高校の工業科の教師が、ものづくりの現場で長期研修を積む。
ヘルメットに作業服姿の男性2人が、工作機械メーカー中村
社員の指導を受けながら、宮前教諭は、マイクロ・メートル(1000分の1ミリ)単位で機械が正確に動くかどうかを確かめるため、測定器を機械の中に取り付ける。一谷教諭は、機械が削った金属が、仕様どおりの寸法かどうかを確かめる。温度によってサイズが変わらないように、工場内の室温は常に23度に設定されている。
2人は9月から11月末までの3か月間、同社で研修を受けている。作業の流れを教わるだけでなく、コンピューター制御の複合旋盤や昔ながらの旋盤を使い、実際に金属を加工する実習の時間もある。
旋盤技術を教師になってから独学で身につけた宮前教諭は「知らないことだらけ。学校ではミリ単位の精度を出すのも大変だが、せめて100マイクロ・メートルの精度で作れるようにしたい」。
石川県教委が工業高校教諭を企業研修に派遣し始めたのは昨年度から。対象は機械系の学科がある8校の若手、中堅教諭。日進月歩で変化する専門的な技能を身につけてもらうとともに、その基礎となる旋盤の職人技を教わり、学校で生かすのが狙いだ。
2人ずつ年3回、中村留に通わせる。3年間の事業で計18人が受講する。研修中は、臨時講師が授業を受け持つ。
受け入れ側の中村留の負担は大きい。指導役には専任の社員がつく。少なくとも1年に9か月は社員が取られることになる。県教委と一緒に研修カリキュラム作りに知恵を絞り、教師が試作する金属模型の材料費も会社負担だ。

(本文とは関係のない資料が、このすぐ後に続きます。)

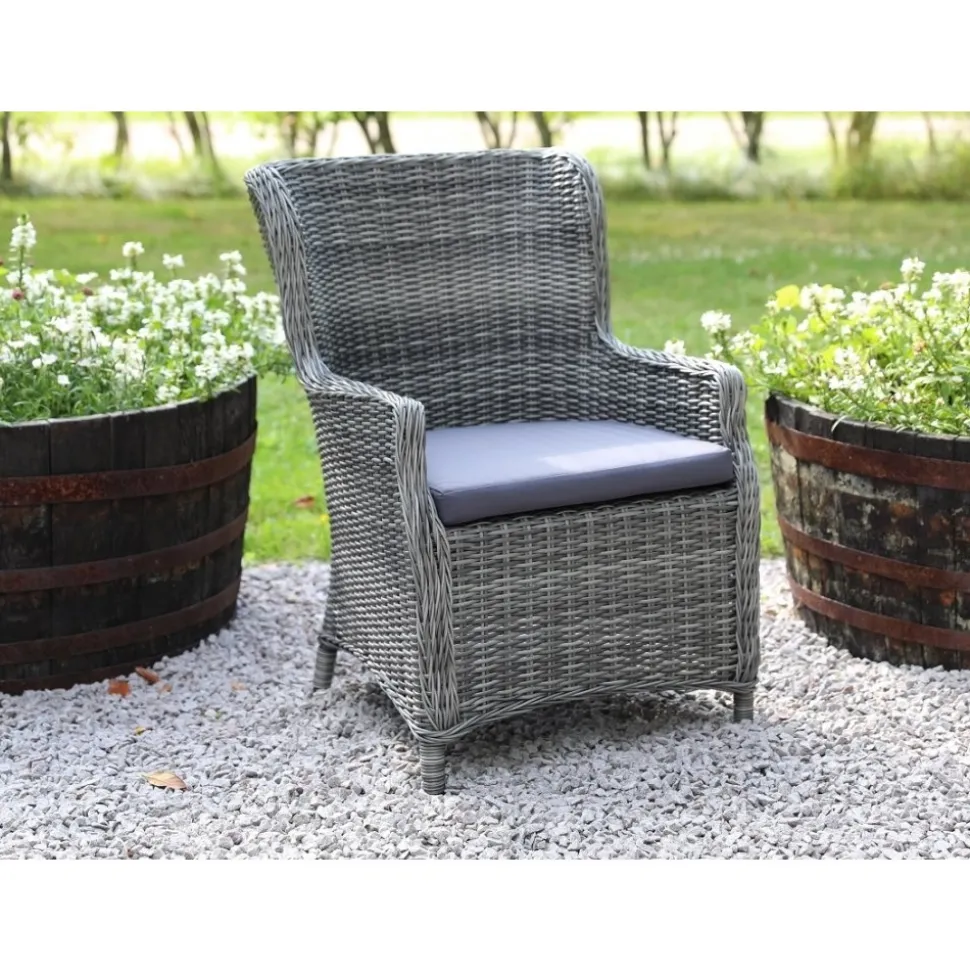 Jacksonville fåtölj i grå konstrotting, stomme av aluminium. Mörkgrå dynor av polyester för god sittkomfort.
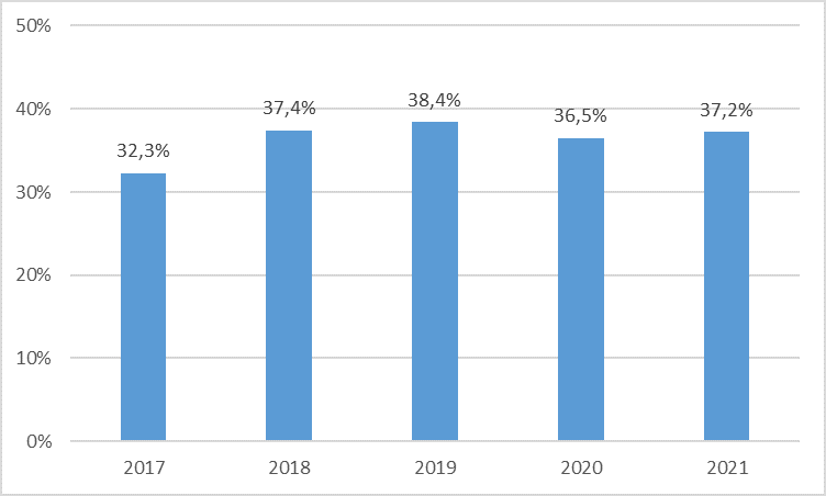 Mehrsprachige Kinder in der Einschulungsuntersuchung in den Jahres 2017-2021

それでも受け入れるのは「今の教育に風穴を開けたいからだ」と村本英二工場長(58)。「大学に進学できないから働くという工業高校の生徒が増えてきているが、企業は優秀で意欲を持った技能者が欲しい。先生にはその気になってもらわないと困る」と語気を強める。

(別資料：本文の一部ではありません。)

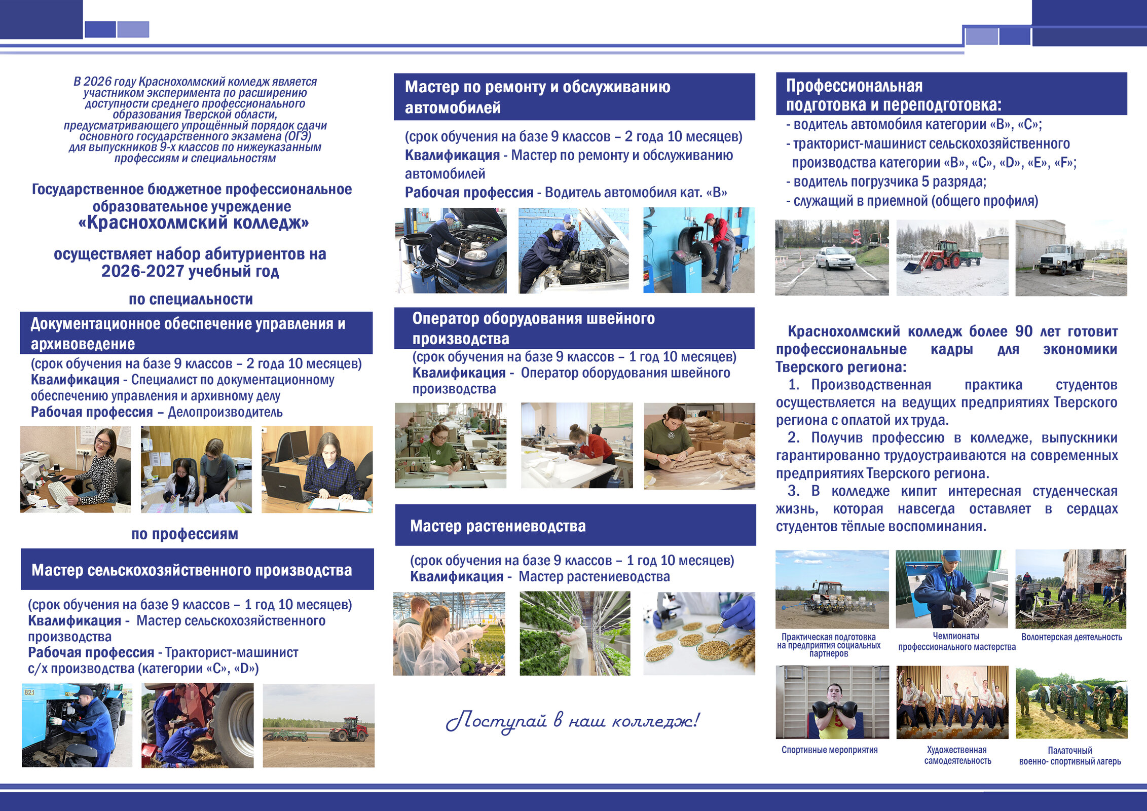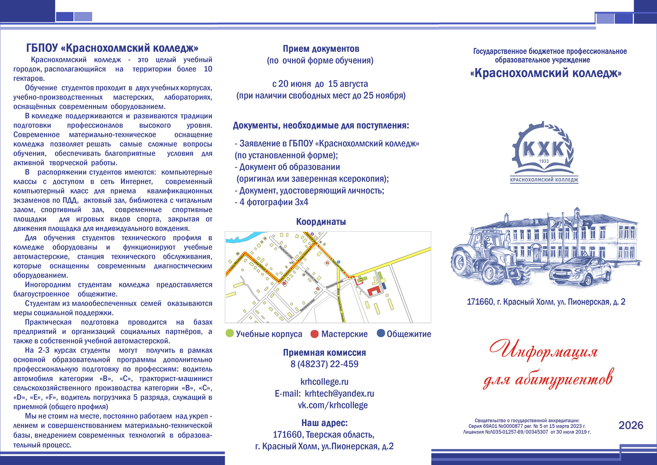 Государственное бюджетное профессиональное образовательное учреждение "Краснохолмский колледж" осуществляет набор абитуриентов на 2026-2027 учебный год
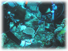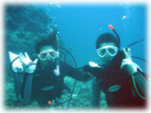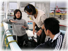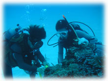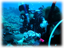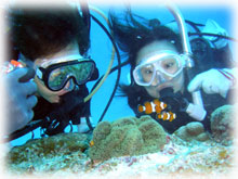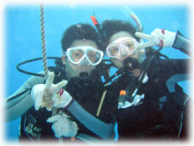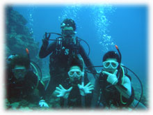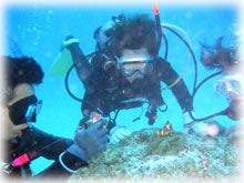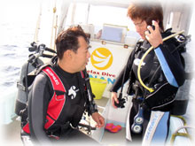 昨日とはメンバーサンが入れ替わりました。。今日は、先月28日にお越し下さった地元ダイバーのカガヤツトムさん・ユミコさんご夫妻は本日初潜り。お二人のダイバー友達がまたまた秋田からお越しになり、2夫婦揃ってのファンダイブとなりました。お友達は、ホンダヨシノブさん・リカさんご夫妻。2年前グアムで潜られてからお子さんを妊娠されたため、2年ぷりのダイビングだそうです。その2年前のグアムダイブでは、耳がぬけにくい体質のヨシノブサンはなんとまぁ潜行ロープに置き去りに・・・。今日は、サンゴ初ダイブのリカさんの緊張と、そして飛行機の気圧変化でも耳がぬけないヨシノブさんの耳が大きな不安・・・とのことですが、とにかく、久しぶりダイブを楽しんでもらいましょっ〜ぉぉぉ〜。

村本さんに言わせると「学校の先生には教養はあるが、品質やコスト、納期を念頭に置いた実際のものづくりの知識がない。ペーパードライバーが運転を教えているようなもの」。現場経験から、社会がどのような人材を求めているかを体感させたいという。
これまでの研修修了者からは「今の企業がどうなっているか、体験をもとに授業ができるので指導しやすくなった」「就業規則や現場での服装、安全についての指導など、体験した実社会の厳しさを進路指導で役立てたい」といった感想が届いている。
「先生の考えが変わってくれれば、研修は成功」(村本さん)。長期研修は教師の意識改革にもつながっている。(山田睦子、写真も)

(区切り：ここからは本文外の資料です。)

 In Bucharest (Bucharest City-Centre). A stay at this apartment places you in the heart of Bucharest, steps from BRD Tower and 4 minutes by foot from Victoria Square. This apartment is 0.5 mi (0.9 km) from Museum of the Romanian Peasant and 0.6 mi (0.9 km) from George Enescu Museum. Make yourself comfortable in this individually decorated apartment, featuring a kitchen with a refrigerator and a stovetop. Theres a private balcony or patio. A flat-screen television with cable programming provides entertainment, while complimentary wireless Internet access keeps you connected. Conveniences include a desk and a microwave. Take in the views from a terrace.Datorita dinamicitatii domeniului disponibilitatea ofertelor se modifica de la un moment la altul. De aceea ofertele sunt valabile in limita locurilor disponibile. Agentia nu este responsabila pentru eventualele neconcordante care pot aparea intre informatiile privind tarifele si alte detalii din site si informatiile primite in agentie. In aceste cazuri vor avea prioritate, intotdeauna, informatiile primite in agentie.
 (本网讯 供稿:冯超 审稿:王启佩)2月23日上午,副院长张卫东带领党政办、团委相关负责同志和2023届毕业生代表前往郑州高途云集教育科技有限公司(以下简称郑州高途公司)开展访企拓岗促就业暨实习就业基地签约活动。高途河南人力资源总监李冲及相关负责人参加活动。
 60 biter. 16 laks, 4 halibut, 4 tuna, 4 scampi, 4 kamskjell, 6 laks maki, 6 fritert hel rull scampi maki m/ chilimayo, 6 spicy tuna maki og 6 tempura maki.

工業科の教員免許取得 文部科学省が認定する大学の学科で特定の科目を履修することが必要。機械システム工学、電気電子工学、生命工学など、様々な学科が科目を開設している。旋盤操作など、学習指導要領にある内容は、少なくとも2単位以上の履修を課しているが、実際に旋盤に触れて実習を行っているかどうかは大学によって異なる。